Nigeria, U.S. Visa Fees Spat: Matters Arising

U.S. President Donald Trump

As a nation in dire need of jobs for its teeming population and foreign funds for national development, Nigeria has no business demanding any visa fees from visitors to the country – if only we understand the dynamics of the global neo-liberal economic system.
Nigeria’s recent humiliating capitulation over visa fees under the pressure of diplomatic reciprocity from the United States (U.S) would not have occurred in the first place therefore, if our foreign policy makers have realized that the current model is outdated and counter-productive to our national interest and the nation-building agenda – even if it appears to be the default in international diplomacy.

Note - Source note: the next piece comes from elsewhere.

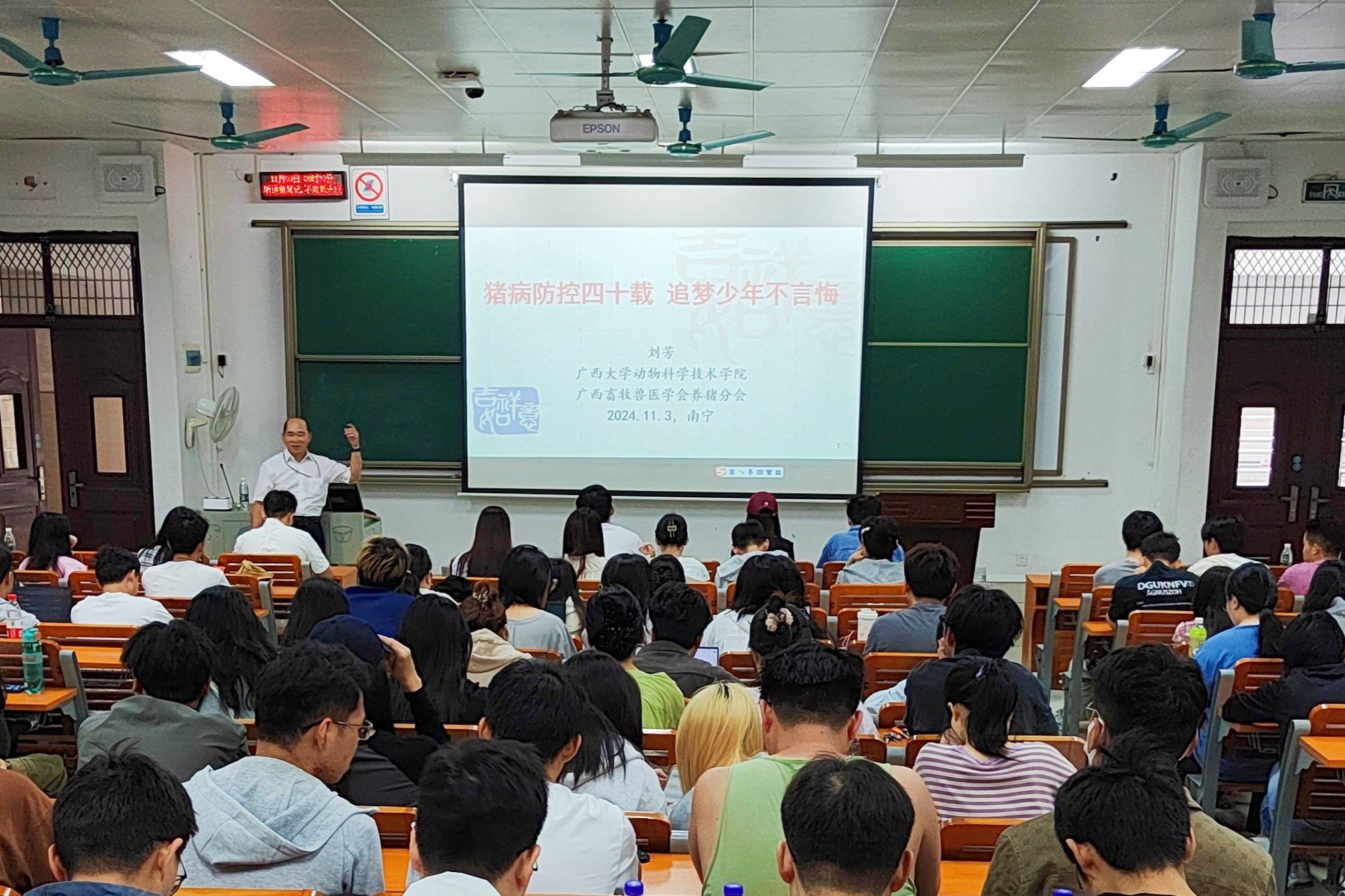 为搭建研究生与导师之间的互动平台,营造良好的学术文化交流氛围,11月3日上午,由SUNBET体育研究生会主办,SUNBET申博体育研究生会承办的第151期“导师有约”活动在第六教学楼B103教室举行,主题为“猪病防控四十载,追梦少年不言悔”,广西畜牧兽医学会养猪分会副理事长兼秘书长,高级实验师刘芳受邀主讲。200余名研究生代表现场聆听报告。

Nevertheless, that incident presents a prime opportunity to reset Nigeria’s diplomatic relations with the world on a better, mutually beneficial template.
In our view, Nigeria should give only three conditions to all visitors: One, get a security clearance from your home government. Two, book and pay in full for your hotel accommodation, online, before leaving your country of origin for Nigeria. And three, travel to Nigeria with at least $5,000 (Five thousand United States dollars only) per week and for every week you plan to spend in Nigeria, either cash or already wired to Nigeria – and get your visa at any port of entry to Nigeria after meeting these requirements.
All monies wired upfront and cash carried by visitors should be changed into Naira at Nigerian bank’s branches domiciled at all ports of entry and loaded on an automated teller machine (ATM) card for visitors’ use as Nigerians do at ATMs and point-of-sale terminals (POS).
Cash requirement threshold should be higher for immigrants and investors.
This innovative rejig of the Nigerian visa issuance system should save the country huge overhead expended on visa officials around the world; improve our cache or inflow of forex directly to Nigeria’s coffers at home; ease travels and inflow of Foreign Direct Investments to our country, among other ancillary benefits to the Nigerian economy.
We urge President Muhammadu Buhari to direct the Ministry of Foreign Affairs to liaise with other relevant agencies to reappraise the nation’s current visa issuance regime and come up with a new system in line with the inventive proposition herein enunciated in brief.